"I went to a pawnbroker that day and sold my diamond rings, ear-rings, and cross, and with the proceeds opened a rooming house at 1235 Wabash avenue. Mr. McDonald often came to see me and dine there, and it looked as if there might be a reconciliation. But soon after that he met Dora Barclay, and from that time we were friends no longer, but bitter enemies.

"The reputation of my house was ruined by the arrest of Mike Coleman, alias Charles Wilson, the safe-blower, who had lived there a few weeks, and at first I thought Mr. McDonald was behind this plot to ruin me. I went to the Animosa, Pa., penitentiary, saw Coleman, and learned that Mr. McDonald was innocent. But after that a story was started that I lived with Coleman for years. I never saw him after that time at the penitentiary.

"After the World's Fair I removed to St. Louis and started a boarding house at 2686 Locust street. But soon Mr. McDonald's detectives were hounding me there, the newspapers began to print stories of our troubles, and my business was ruined.

Driven to Hide Identity.

"I saw that if I was to live peacefully I must bury my identity, and so, assuming the name of Mrs. Grashoff, I went to New York, and obtained employment with the Board of Charities at Fourth avenue and Twenty-third street, of which Mr. Van Vordenberg was the head. For fifteen years I have been in charitable work. I founded the Destitute Old Ladies' Home at Paterson, N. J., and at present my work is with the Crittenden Rescue Homes for Unfortunate Girls. It is not the least solace for my many misfortunes that I have been able to save many girls from continuing their wayward careers.
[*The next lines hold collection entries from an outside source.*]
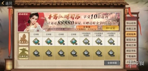 活动奖励:免费解锁获得880银锭,充值880金锭后还可开启大侠之证,总计返还88880银锭+暗金掌门自选包!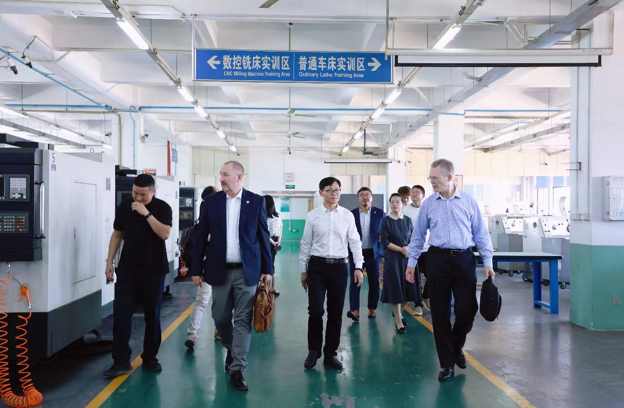 Simon James一行还饶有兴趣地参观了学院汽车实训中心、数控实训中心、世赛精细木工项目国家集训基地。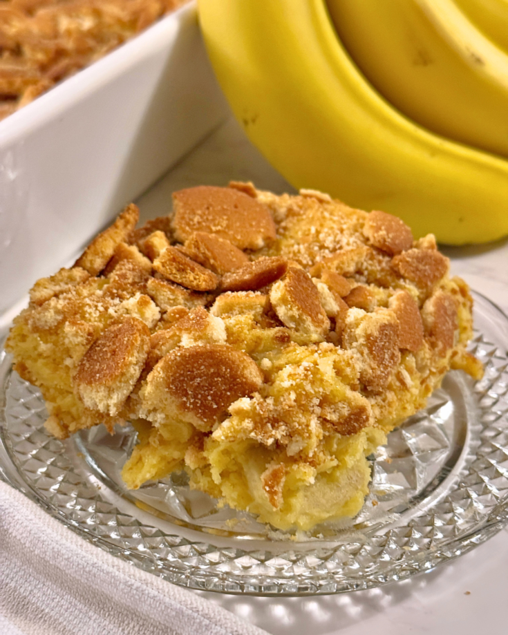 What makes these banana pudding brownies stand out is their simplicity! (I mean we all love a cake mix recipe, right?!) Using a yellow cake mix shortcut means no measuring flour or worrying about overmixing. The pudding mix infuses every bite with authentic banana cream flavor, while the fresh bananas add pockets of fruity goodness. Topped with chopped Nilla wafers, they deliver the perfect textural contrast: gooey center, crisp edges, and buttery crunch on top. No eggs or oil needed beyond what’s already in the mix- the pudding and milk create a thick, scoopable batter that bakes into moist, sliceable bars. I wasn’t sure what to expect when I first made them and they did NOT disappoint!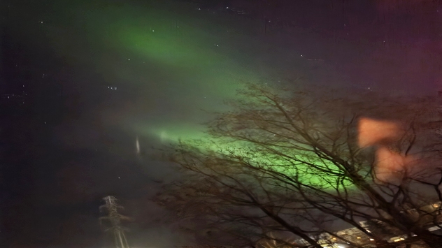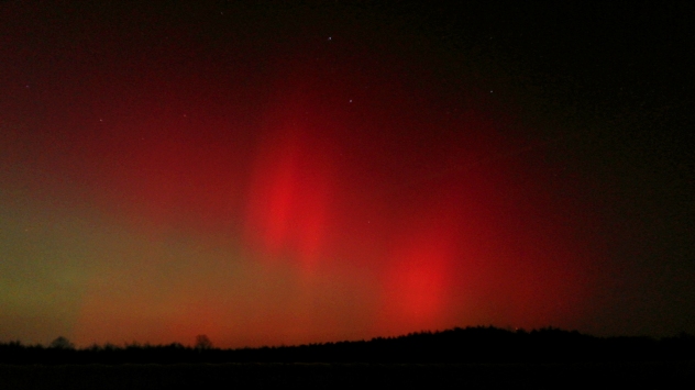 Nisko nad horyzontem zorza mieniła się kolorem zielonym, powyżej czerwonym, a jeszcze wyżej, niemal w zenicie, widoczne były intensywnie zielone wyspy wyglądające jak falbanki. Nie zabrakło też filarów.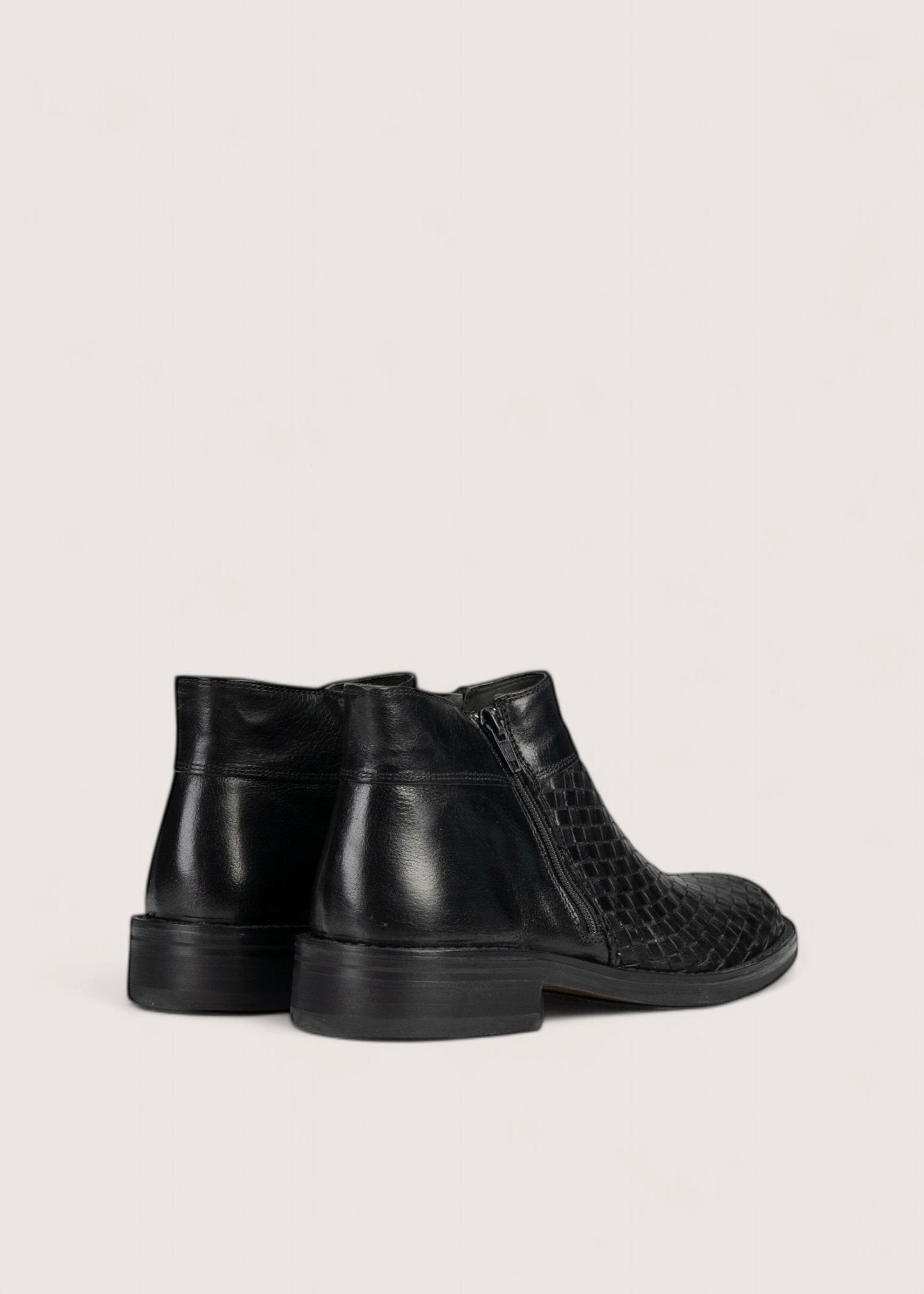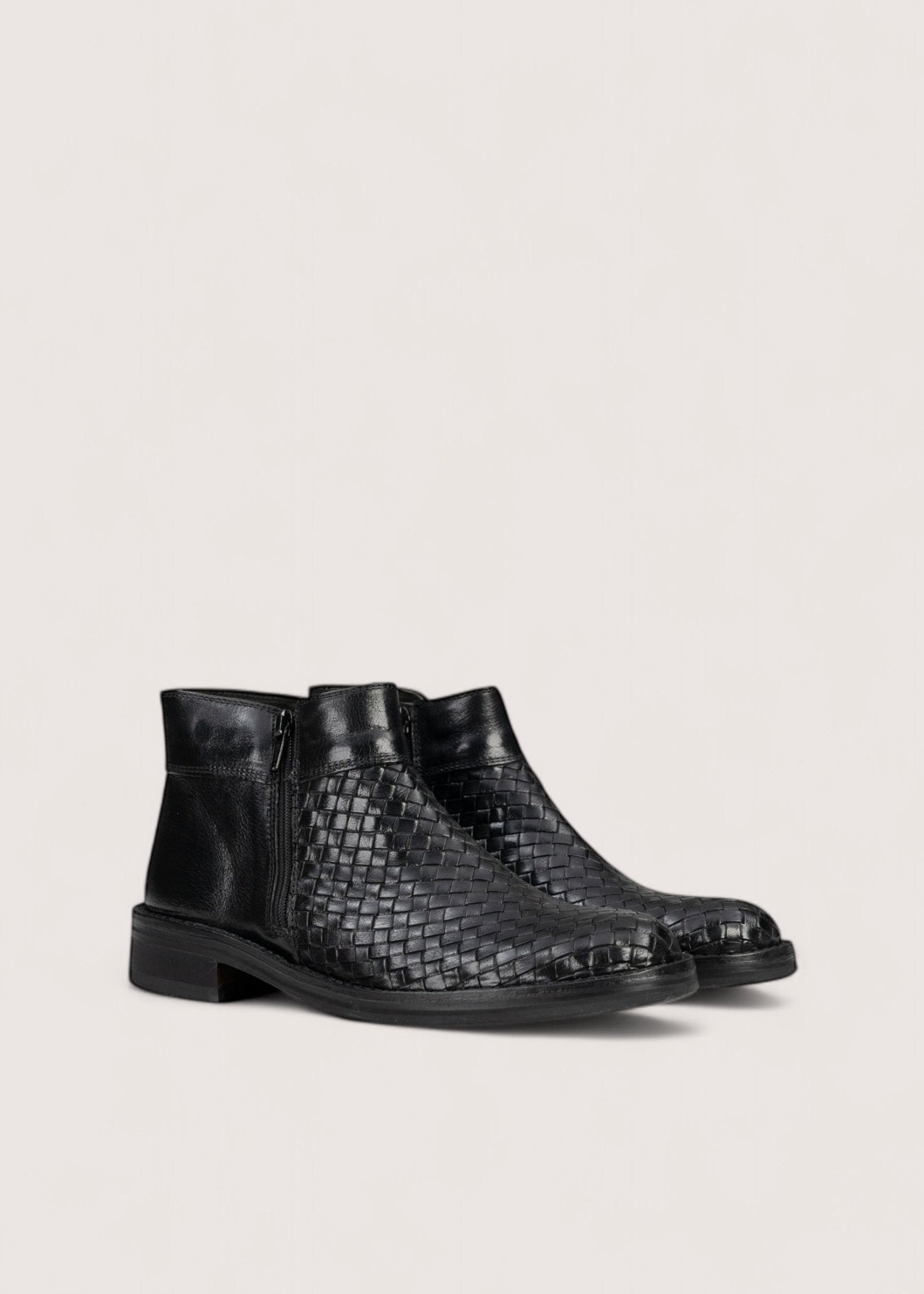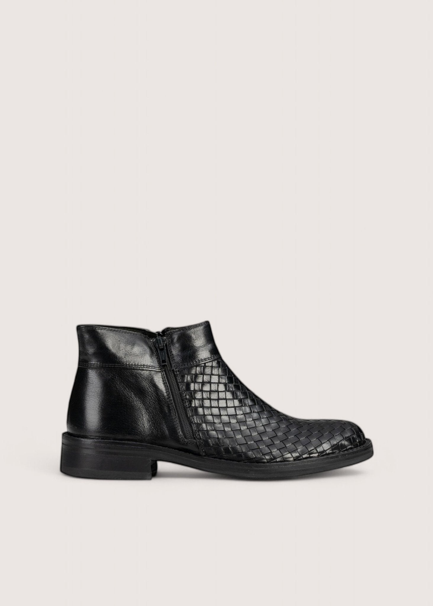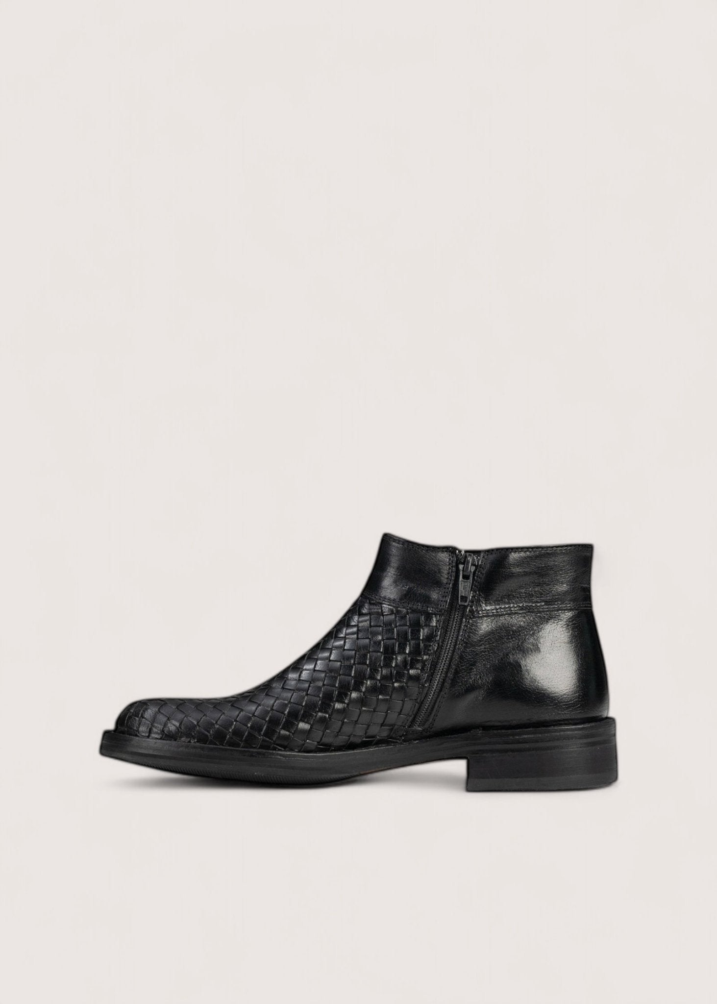 En klassiske! Kort, sort støvle lavet i vegetabilsk garvet skind. Støvlen har flet fortil og dobbelt lynlås samt lædersål betrukket med sort gummi.

"So much for the lies circulated about me for twenty years. I never saw Father Price after he left Chicago, nor Father Moysant after I went to Mrs. McGuire's. Both are living, so far as I know, but where, I do not know."

But the records show, according to Mrs. Mary McDonald, that her husband repented of the wrongs he had heaped upon her, and called her to his bedside when he was dying, acknowledging her as his wife, and begging her forgiveness. They were reunited, and a few days later McDonald died.

Opposed by Documents.

For Mrs. Dora McDonald, on the other hand, an entirely different case is made out by her attorney, Colonel James Hamilton Lewis. He said that he had procured new evidence in the shape of affidavits and sworn statements of witnesses in the suit for divorce brought by "Mike" McDonald against Mary C. McDonald in 1889, and letters in the handwriting of Mary McDonald, and others.

The divorce bill, according to Colonel Lewis, was filed in the Superior Court of Cook County on September 11, 1889. In the complaint, McDonald alleged that he married his first wife November 20, 1870, and lived with her until May 1, 1889. He alleged misconduct in the complaint, naming Joseph Moysant, or Father Moysant, a renegade priest, and gave dates and places of alleged misconduct. He also alleged that Mrs. McDonald had fled to France with Moysant, and that she was not a resident of Chicago, or the State of Illinois.